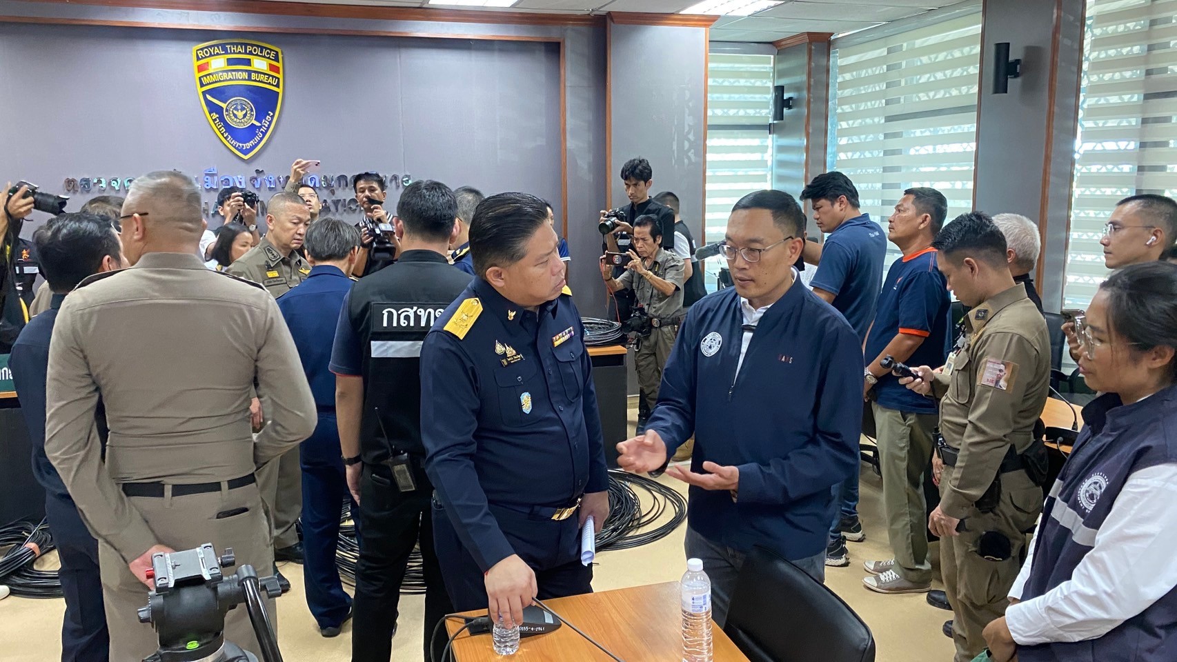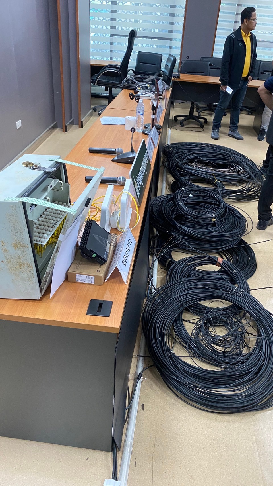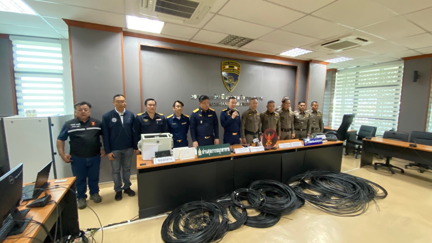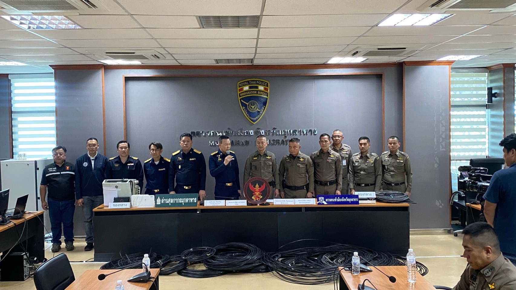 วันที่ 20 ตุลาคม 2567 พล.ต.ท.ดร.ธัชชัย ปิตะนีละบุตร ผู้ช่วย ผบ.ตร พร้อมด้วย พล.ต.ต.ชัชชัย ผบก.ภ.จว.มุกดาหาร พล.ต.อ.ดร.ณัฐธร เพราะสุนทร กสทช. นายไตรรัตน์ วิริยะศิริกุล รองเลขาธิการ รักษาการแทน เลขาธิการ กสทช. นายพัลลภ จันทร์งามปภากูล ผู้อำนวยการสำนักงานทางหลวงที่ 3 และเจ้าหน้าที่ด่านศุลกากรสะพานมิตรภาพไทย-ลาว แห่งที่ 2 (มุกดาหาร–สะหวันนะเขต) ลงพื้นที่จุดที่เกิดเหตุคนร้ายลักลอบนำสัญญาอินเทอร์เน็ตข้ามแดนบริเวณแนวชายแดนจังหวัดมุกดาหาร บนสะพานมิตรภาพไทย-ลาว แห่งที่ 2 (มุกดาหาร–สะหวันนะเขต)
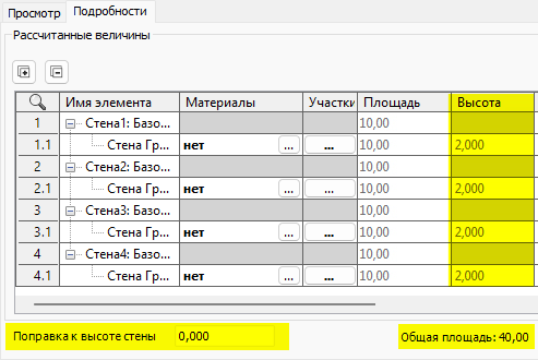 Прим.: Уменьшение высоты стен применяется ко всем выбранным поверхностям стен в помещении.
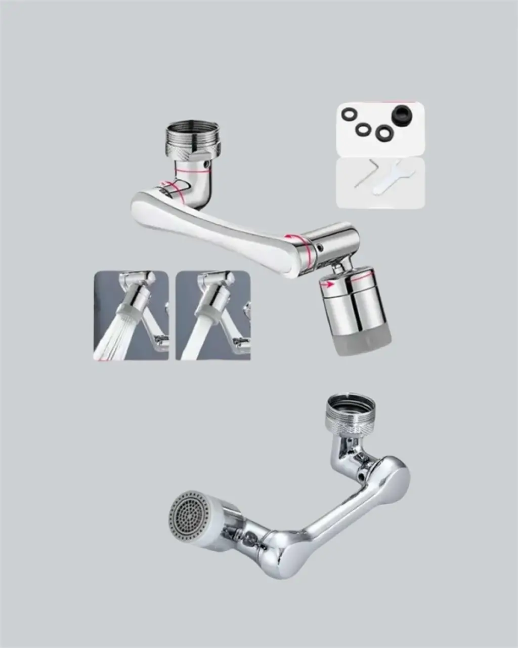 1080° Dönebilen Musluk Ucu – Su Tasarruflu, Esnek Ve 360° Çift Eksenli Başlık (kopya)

══════════

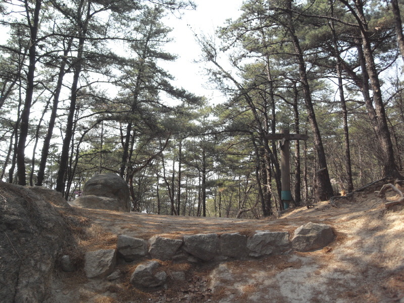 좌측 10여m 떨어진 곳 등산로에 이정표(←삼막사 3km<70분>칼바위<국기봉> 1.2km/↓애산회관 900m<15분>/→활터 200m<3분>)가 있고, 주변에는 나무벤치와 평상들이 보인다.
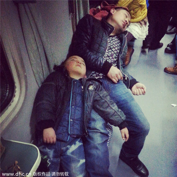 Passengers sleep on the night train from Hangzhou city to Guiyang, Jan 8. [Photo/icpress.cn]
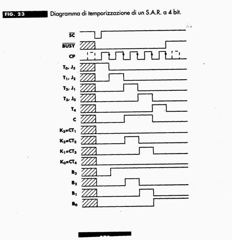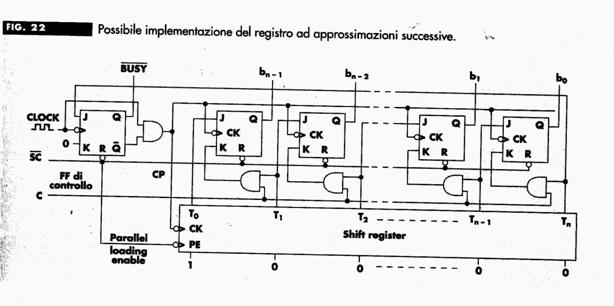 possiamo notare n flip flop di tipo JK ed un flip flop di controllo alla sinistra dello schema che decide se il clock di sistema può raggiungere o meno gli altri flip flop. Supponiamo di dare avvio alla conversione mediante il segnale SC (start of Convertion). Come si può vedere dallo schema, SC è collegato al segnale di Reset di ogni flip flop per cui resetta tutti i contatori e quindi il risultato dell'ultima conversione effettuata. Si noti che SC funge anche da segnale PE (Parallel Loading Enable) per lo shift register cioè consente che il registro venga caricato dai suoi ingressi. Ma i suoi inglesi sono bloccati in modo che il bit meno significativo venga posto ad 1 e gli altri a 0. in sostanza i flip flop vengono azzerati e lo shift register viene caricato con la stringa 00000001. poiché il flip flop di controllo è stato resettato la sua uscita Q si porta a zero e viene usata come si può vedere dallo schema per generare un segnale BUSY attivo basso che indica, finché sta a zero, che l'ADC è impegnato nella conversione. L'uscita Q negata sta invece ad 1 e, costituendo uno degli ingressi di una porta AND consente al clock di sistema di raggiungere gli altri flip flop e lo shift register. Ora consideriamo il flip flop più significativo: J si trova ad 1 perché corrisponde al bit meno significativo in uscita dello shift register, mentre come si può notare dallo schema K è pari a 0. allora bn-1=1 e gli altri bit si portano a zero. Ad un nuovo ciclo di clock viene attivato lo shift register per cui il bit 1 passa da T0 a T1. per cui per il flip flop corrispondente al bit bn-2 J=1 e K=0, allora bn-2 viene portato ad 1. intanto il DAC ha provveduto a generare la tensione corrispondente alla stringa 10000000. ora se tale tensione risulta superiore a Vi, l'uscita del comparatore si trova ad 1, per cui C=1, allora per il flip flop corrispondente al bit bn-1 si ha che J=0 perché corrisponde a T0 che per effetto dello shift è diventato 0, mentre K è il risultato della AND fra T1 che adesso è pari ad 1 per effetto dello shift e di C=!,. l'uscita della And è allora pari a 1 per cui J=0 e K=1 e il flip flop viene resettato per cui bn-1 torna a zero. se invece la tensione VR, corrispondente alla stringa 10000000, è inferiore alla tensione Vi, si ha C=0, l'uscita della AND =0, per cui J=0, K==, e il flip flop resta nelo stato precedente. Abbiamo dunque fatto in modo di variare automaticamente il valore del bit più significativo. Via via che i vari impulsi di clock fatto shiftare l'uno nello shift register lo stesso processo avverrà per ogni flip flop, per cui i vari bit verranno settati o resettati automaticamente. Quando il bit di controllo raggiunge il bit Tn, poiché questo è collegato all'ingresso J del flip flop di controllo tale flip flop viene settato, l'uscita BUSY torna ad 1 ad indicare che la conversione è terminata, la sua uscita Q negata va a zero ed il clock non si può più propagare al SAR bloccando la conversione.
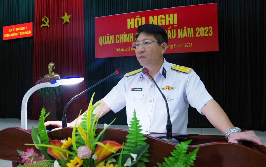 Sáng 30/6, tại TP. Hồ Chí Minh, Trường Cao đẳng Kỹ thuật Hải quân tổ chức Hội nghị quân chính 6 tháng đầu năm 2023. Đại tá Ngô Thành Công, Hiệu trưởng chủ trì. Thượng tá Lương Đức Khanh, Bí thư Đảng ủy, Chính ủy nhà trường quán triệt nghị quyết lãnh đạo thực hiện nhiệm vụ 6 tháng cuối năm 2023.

══════════

▸ Task goal
Nothing outside the stretch above, from the line with "좌측 10여m 떨어진" through the line with "Passengers sleep on", is set down. Transcribe that stretch exactly, ends included, but not its pictures.

▸ Response
 좌측 10여m 떨어진 곳 등산로에 이정표(←삼막사 3km<70분>칼바위<국기봉> 1.2km/↓애산회관 900m<15분>/→활터 200m<3분>)가 있고, 주변에는 나무벤치와 평상들이 보인다.
 Passengers sleep on the night train from Hangzhou city to Guiyang, Jan 8. [Photo/icpress.cn]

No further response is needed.